▶ _Supplied information_
————

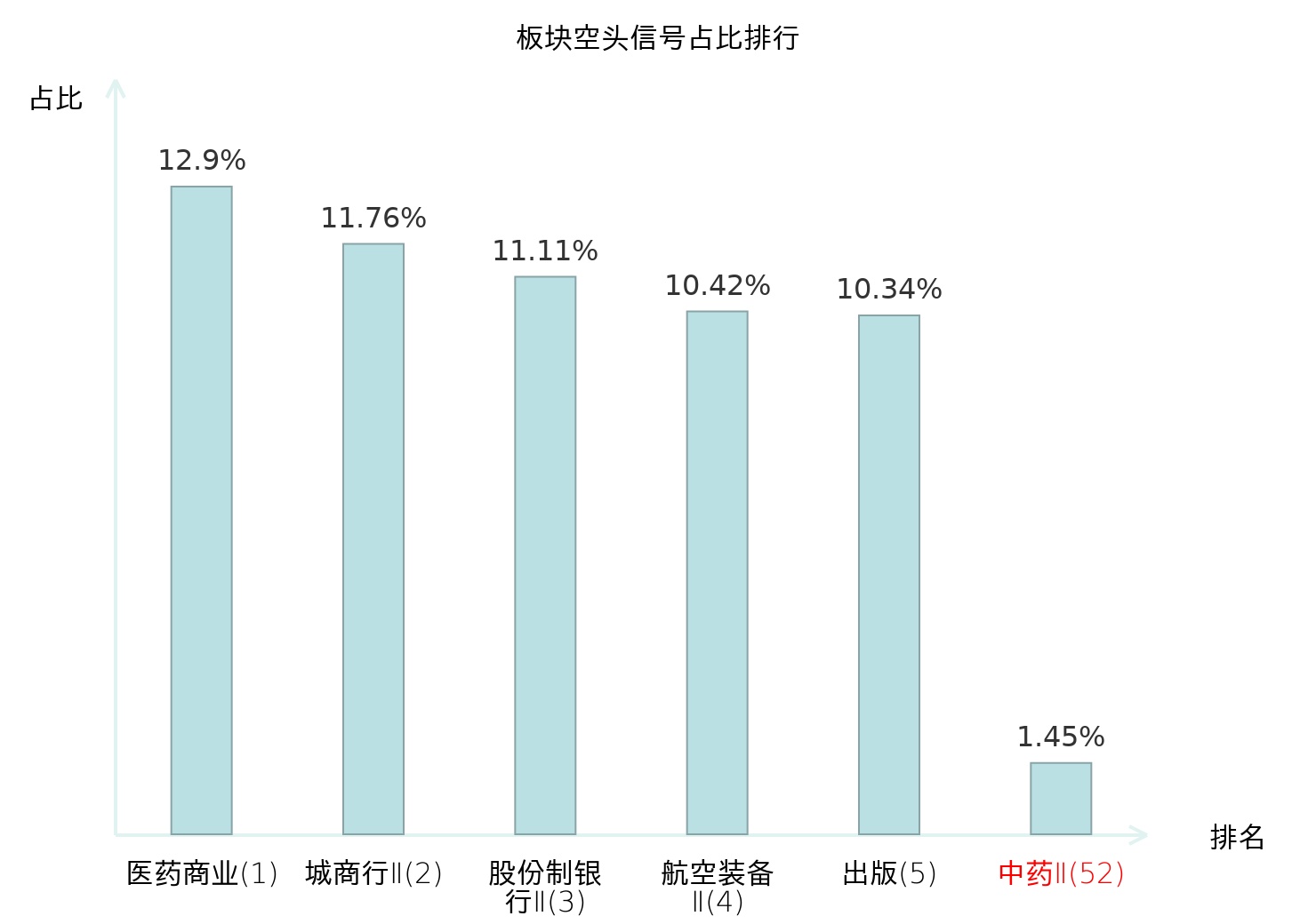 全市场所有行业板块中主力空头信号占比排名中,医药商业板块位居第一。城商行Ⅱ板块名次提升最快,较昨日上升102位。
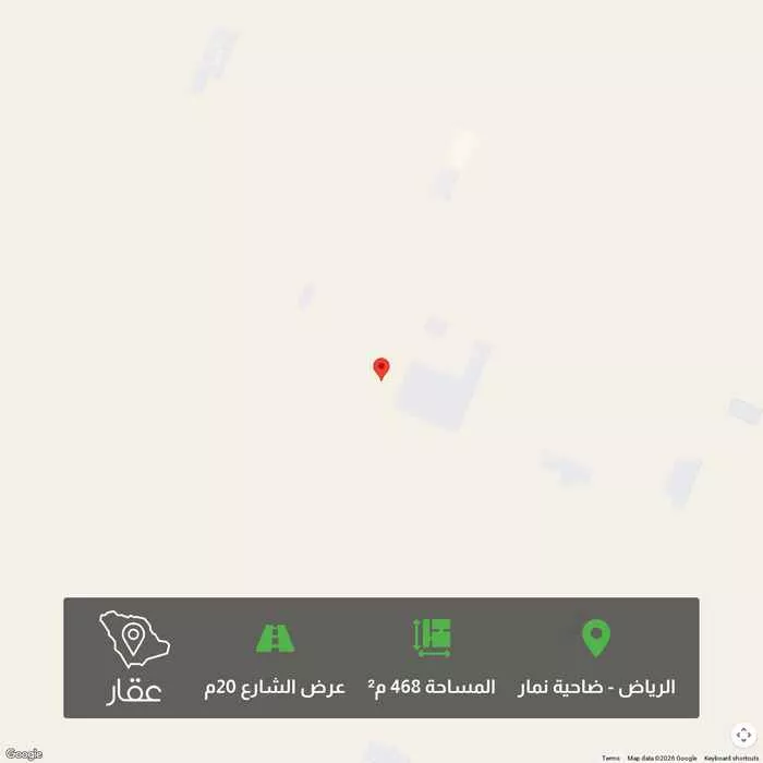 468 م² أرض في ضاحية نمار، الرياض معروضة بسعر ٧٠٢٬٠٠٠ ريال، أقل بنسبة 6% من متوسط سعر الحي البالغ ٧٥٠٬٠٠٠ ريال. بناءً على 439 عقار مشابه.
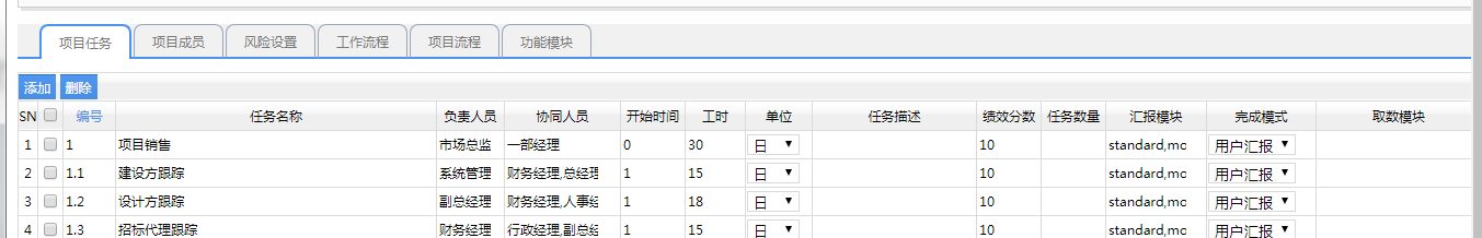A、編號(hào):就是項(xiàng)目任務(wù)的編號(hào),如果點(diǎn)擊編號(hào),會(huì)自動(dòng)生成序數(shù)1、2、3……; 當(dāng)然也可以手工自己編輯,如果是下級(jí)任務(wù)的話,可以用點(diǎn)號(hào)來(lái)分開(kāi),如1、1.1、1.2、…….; B、任務(wù)名稱:是用來(lái)描述該任務(wù)的簡(jiǎn)單描述,字?jǐn)?shù)不要太多,能表達(dá)意思就可以了 C、負(fù)責(zé)人:表示該任務(wù)是由哪個(gè)人來(lái)進(jìn)行負(fù)責(zé)的,在任務(wù)管理過(guò)程中,那么負(fù)責(zé)人進(jìn)來(lái)就可以進(jìn)行匯報(bào)該任務(wù)的具體完成情況以及實(shí)施進(jìn)度 D、協(xié)同人員:表示完成該任務(wù),除了主要負(fù)責(zé)人,還有可能其他人員進(jìn)行來(lái)參與,協(xié)同人員也可以進(jìn)行任務(wù)匯報(bào) E、開(kāi)始時(shí)間,工時(shí),時(shí)間單位:這幾個(gè)是聯(lián)合來(lái)處理的,因?yàn)檫@里是模板設(shè)計(jì),不能以具體的時(shí)間來(lái)定,這里的開(kāi)始時(shí)間,是相對(duì)于該項(xiàng)目的立項(xiàng)時(shí)間,比如說(shuō):開(kāi)始時(shí)間為0,公式為10,時(shí)間單位為日,那么項(xiàng)目立項(xiàng)時(shí)間2019-09-01,那么該任務(wù)的開(kāi)始時(shí)間2019-09-01,工期為10天,那么該任務(wù)的結(jié)束時(shí)間就是2019-09-10,當(dāng)然根據(jù)這個(gè)時(shí)間單位的不同,計(jì)算時(shí)間也是不同的,計(jì)算方法是一樣的。 F、任務(wù)描述:就是描述該任務(wù)的詳細(xì)說(shuō)明,補(bǔ)充說(shuō)明,一些細(xì)節(jié)說(shuō)明了,那么在項(xiàng)目管理過(guò)程中也可以看到該描述 H、績(jī)效分?jǐn)?shù):可以給這個(gè)項(xiàng)目完成后打了一個(gè)分?jǐn)?shù),也就是完成該任務(wù)所得到的績(jī)效考核分?jǐn)?shù) I、任務(wù)數(shù):表示完成此任務(wù)需要多少個(gè)任務(wù)數(shù)?這樣就可以計(jì)算出該任務(wù)完成了多少,也就是一個(gè)任務(wù)的一個(gè)完成數(shù)量的標(biāo)準(zhǔn),跟后面的取數(shù)模塊配合使用,從而計(jì)算出該任務(wù)的完成百分比 J、匯報(bào)模塊,匯報(bào)模塊,取數(shù)模塊:匯報(bào)模塊有三種方式,第1種是用戶匯報(bào),第2種是調(diào)用模塊,第3種是從下級(jí)任務(wù)來(lái)計(jì)算他的總進(jìn)度 默認(rèn)為第1種用戶匯報(bào),其匯報(bào)模塊:standard,moduleName=pm_admin_huibao&twoSubModule=&threeMenu=pm_admin_huibao&openWindow=Yes; 也就是調(diào)用項(xiàng)目管理中的標(biāo)準(zhǔn)匯報(bào)模塊

————

▶ _Work required_
Exact repetition required: repeat the first line of the listing above, the line containing "468 م² أرض في", and every line between, leaving out pictures.

▶ _Response area_
 全市场所有行业板块中主力空头信号占比排名中,医药商业板块位居第一。城商行Ⅱ板块名次提升最快,较昨日上升102位。
 468 م² أرض في ضاحية نمار، الرياض معروضة بسعر ٧٠٢٬٠٠٠ ريال، أقل بنسبة 6% من متوسط سعر الحي البالغ ٧٥٠٬٠٠٠ ريال. بناءً على 439 عقار مشابه.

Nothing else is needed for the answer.